### Task directions
When the data below is printed, every line must match exactly and the images must be absent.

### Dataset content
* * * * * * *
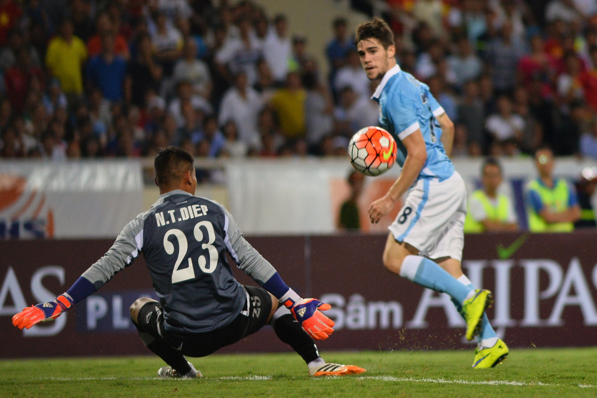 Chỉ ít phút sau (phút 78), Jose Angel Pozo thực hiện pha lốp bóng kỹ thuật qua đầu thủ thành Thanh Diệp nâng tỷ số lên 8-0 cho Manchester City.
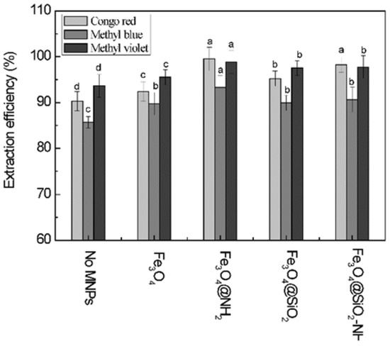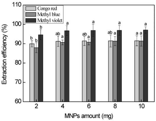 Effect of the Fe3O4@NH2 amount added to the AMTPS on the extraction efficiency of dyes. (Each system contained 10 mL dyes solution (1 mg/mL CR, MB and 0.125 mg/mL MV), 4 wt. % TX-114, 40 min vibration time, and incubated at temperature 40 °C for 10 min). Different letters in the same series indicate significant difference at p < 0.05 level.
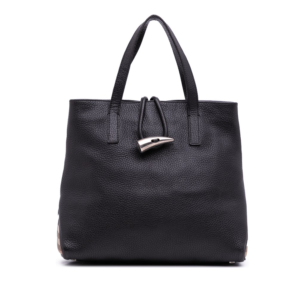 This tote bag features a leather body, flat leather top handles, an open top with horn toggle closure, and interior zip and slip pockets.
* * * * * * *
### The completed task
 Chỉ ít phút sau (phút 78), Jose Angel Pozo thực hiện pha lốp bóng kỹ thuật qua đầu thủ thành Thanh Diệp nâng tỷ số lên 8-0 cho Manchester City.
 Effect of the Fe3O4@NH2 amount added to the AMTPS on the extraction efficiency of dyes. (Each system contained 10 mL dyes solution (1 mg/mL CR, MB and 0.125 mg/mL MV), 4 wt. % TX-114, 40 min vibration time, and incubated at temperature 40 °C for 10 min). Different letters in the same series indicate significant difference at p < 0.05 level.
 This tote bag features a leather body, flat leather top handles, an open top with horn toggle closure, and interior zip and slip pockets.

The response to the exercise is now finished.